#### WHAT IS NEEDED
Return the entries exactly. Images are not part of the copy.

[[ DATA FOR REVIEW open ]]

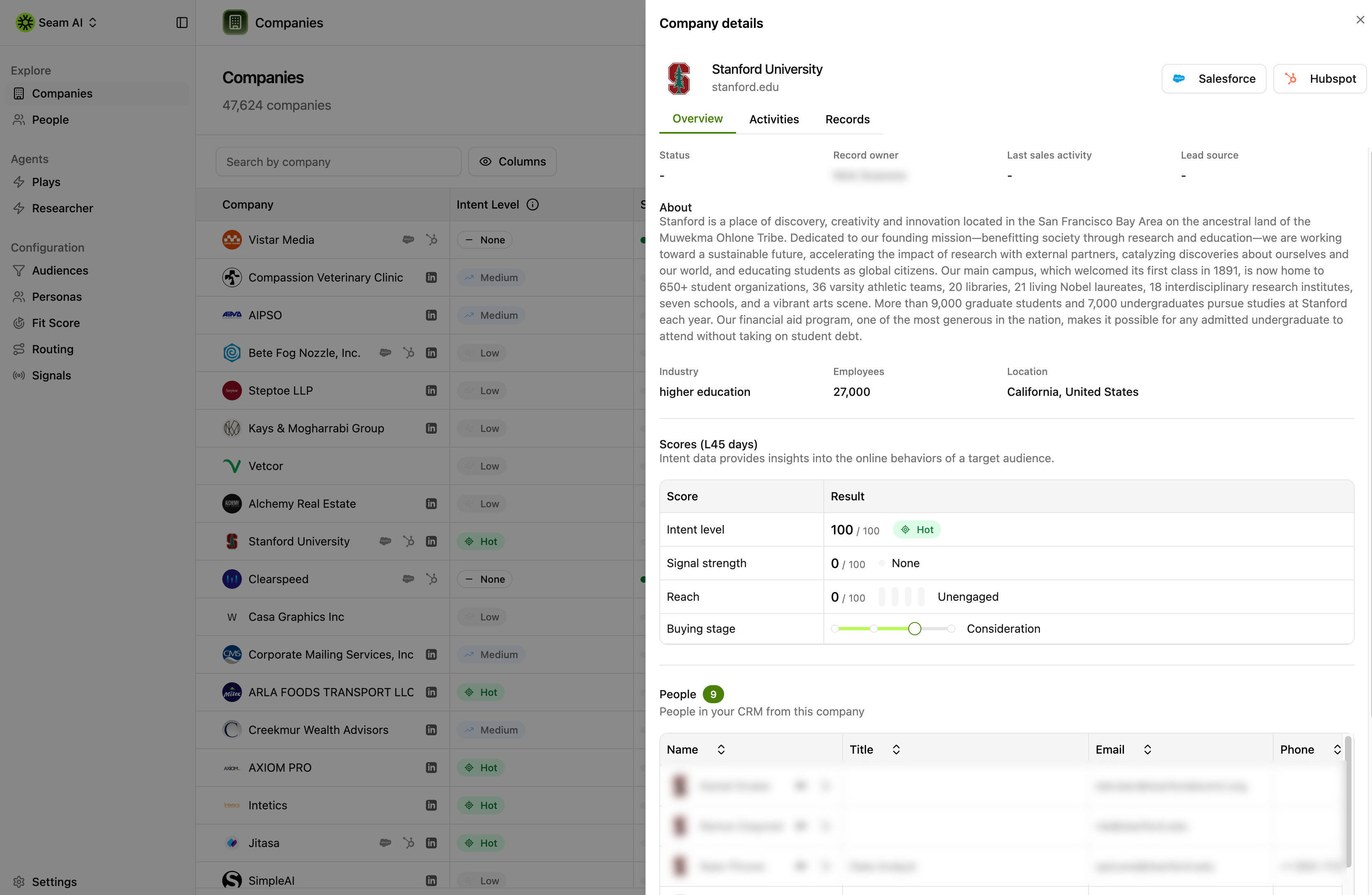 - Call data (metadata and transcript/summaries where available): Converted into structured intent signals (topics, pain points, competitors, sentiment) and associated with the correct account/contact.
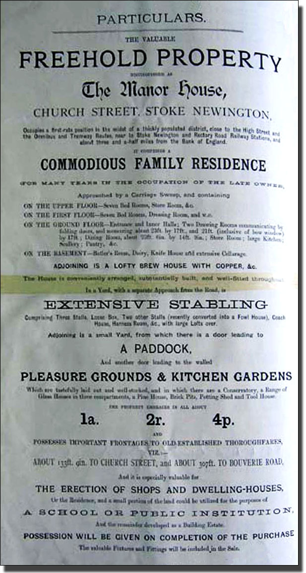Sale Document for the Manor House in Stoke Newington Church Street
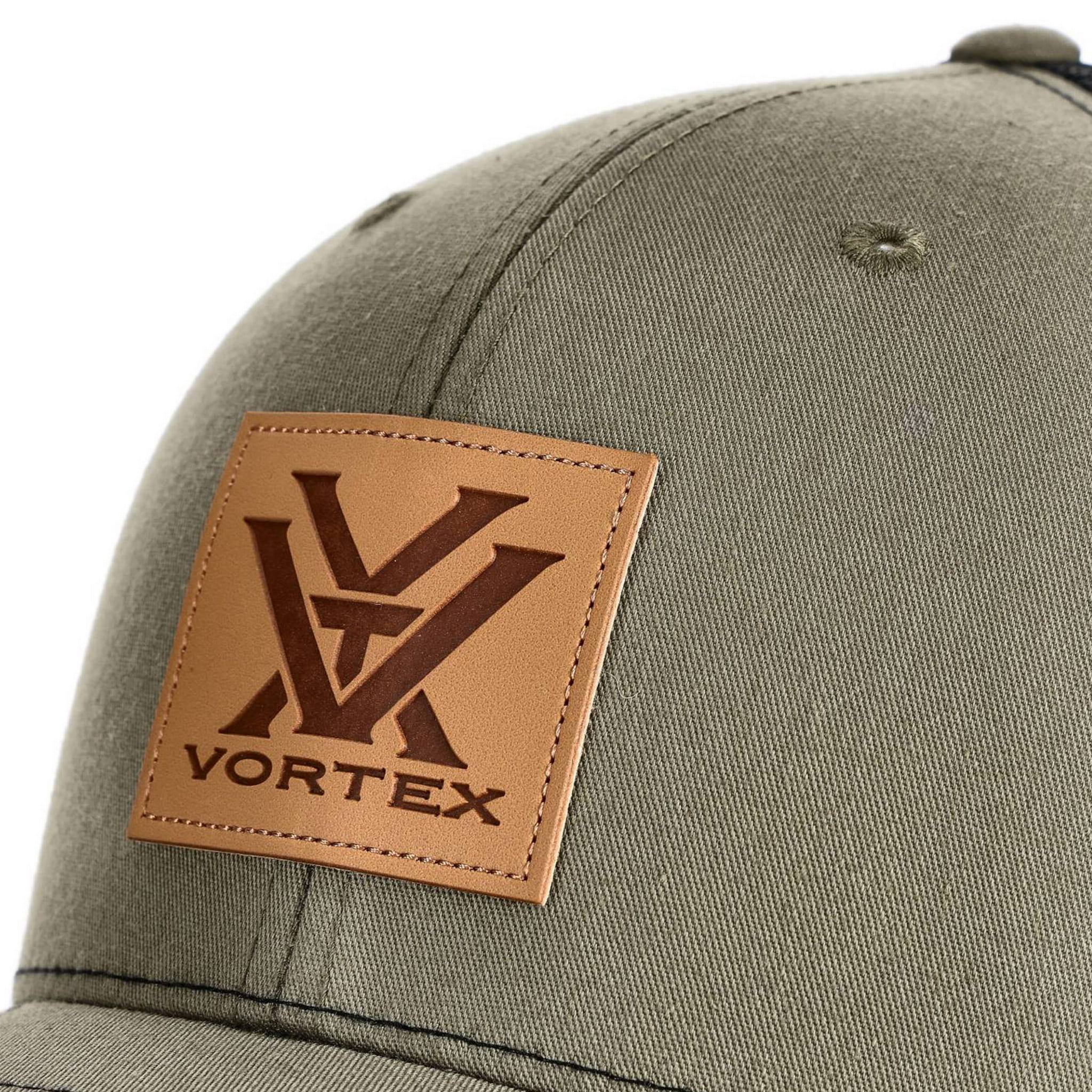 Na przodzie naszyto skórzaną wstawkę z logo Vortex. Szeroki daszek chroni przed słońcem i deszczem. Dzięki tylnej regulacji czapka ma uniwersalny rozmiar i pasuje praktycznie na każdą wielkość głowy.
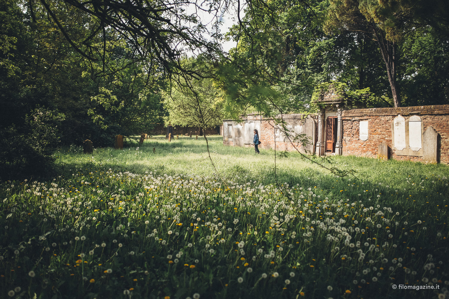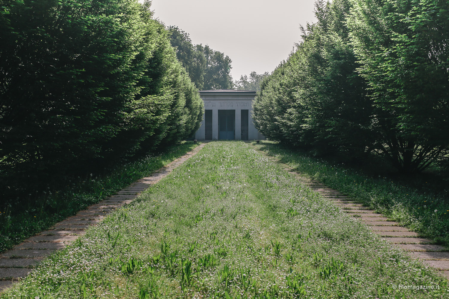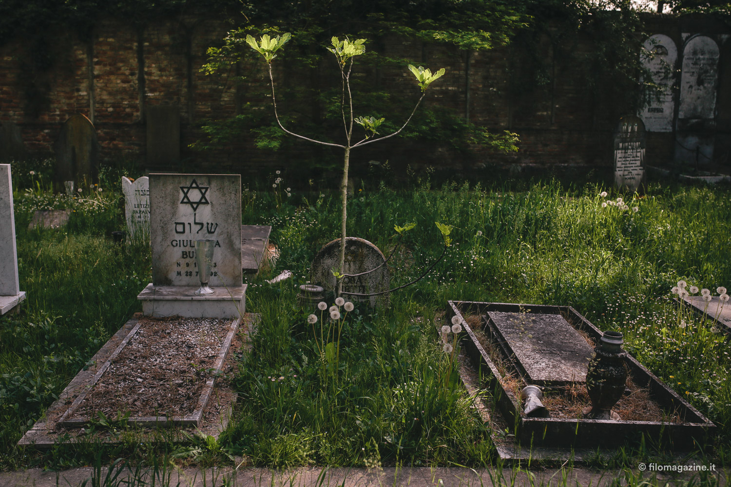 E alla fine nomina anche quel gruppo di visitatori abituali, che non vengono per far visita ai parenti defunti, ma per trovare tranquillità. Il cimitero ebraico, da cui si sentono ovattati i suoni della città, ha un qualcosa di magico per loro. Questo incanto attira avventori solitari, che quasi quotidianamente, ritrovano pace, camminando tra l’erba alta e le lapidi, lasciandosi catturare dalla memoria di questo luogo. Così alla fine, trascinati forse anche noi da una sorta di richiamo, visitiamo il cimitero. Ci lasciamo interrogare dai nomi sulle lapidi, ci immaginiamo le loro storie. Facciamo visita alla tomba di Giorgio Bassani e per la prima volta non la guardiamo come la tomba di un celebre scrittore, ma richiamiamo alla mente il racconto di Mara. Entriamo nella camera mortuaria, un imponente edificio che ricorda un tempio orientale antico. La magnificenza esteriore qui entra in conflitto con le pareti spoglie, l’arredamento inesistente, ma proprio questo contrasto si colloca in perfetta armonia con il luogo che lo circonda.
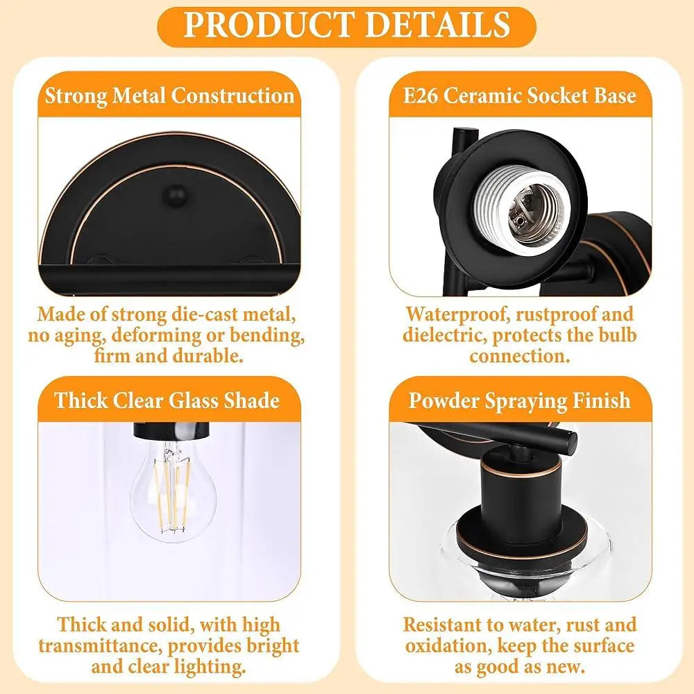 - Oil-rubbed bronze finish, a sturdy metal frame, and clear glass shades give you a vintage-meets-modern look that helps your space stay stylish year after year.

[[ DATA FOR REVIEW closed ]]

#### OUTPUT OF THE TASK
 - Call data (metadata and transcript/summaries where available): Converted into structured intent signals (topics, pain points, competitors, sentiment) and associated with the correct account/contact.
Sale Document for the Manor House in Stoke Newington Church Street
 Na przodzie naszyto skórzaną wstawkę z logo Vortex. Szeroki daszek chroni przed słońcem i deszczem. Dzięki tylnej regulacji czapka ma uniwersalny rozmiar i pasuje praktycznie na każdą wielkość głowy.
 E alla fine nomina anche quel gruppo di visitatori abituali, che non vengono per far visita ai parenti defunti, ma per trovare tranquillità. Il cimitero ebraico, da cui si sentono ovattati i suoni della città, ha un qualcosa di magico per loro. Questo incanto attira avventori solitari, che quasi quotidianamente, ritrovano pace, camminando tra l’erba alta e le lapidi, lasciandosi catturare dalla memoria di questo luogo. Così alla fine, trascinati forse anche noi da una sorta di richiamo, visitiamo il cimitero. Ci lasciamo interrogare dai nomi sulle lapidi, ci immaginiamo le loro storie. Facciamo visita alla tomba di Giorgio Bassani e per la prima volta non la guardiamo come la tomba di un celebre scrittore, ma richiamiamo alla mente il racconto di Mara. Entriamo nella camera mortuaria, un imponente edificio che ricorda un tempio orientale antico. La magnificenza esteriore qui entra in conflitto con le pareti spoglie, l’arredamento inesistente, ma proprio questo contrasto si colloca in perfetta armonia con il luogo che lo circonda.
 - Oil-rubbed bronze finish, a sturdy metal frame, and clear glass shades give you a vintage-meets-modern look that helps your space stay stylish year after year.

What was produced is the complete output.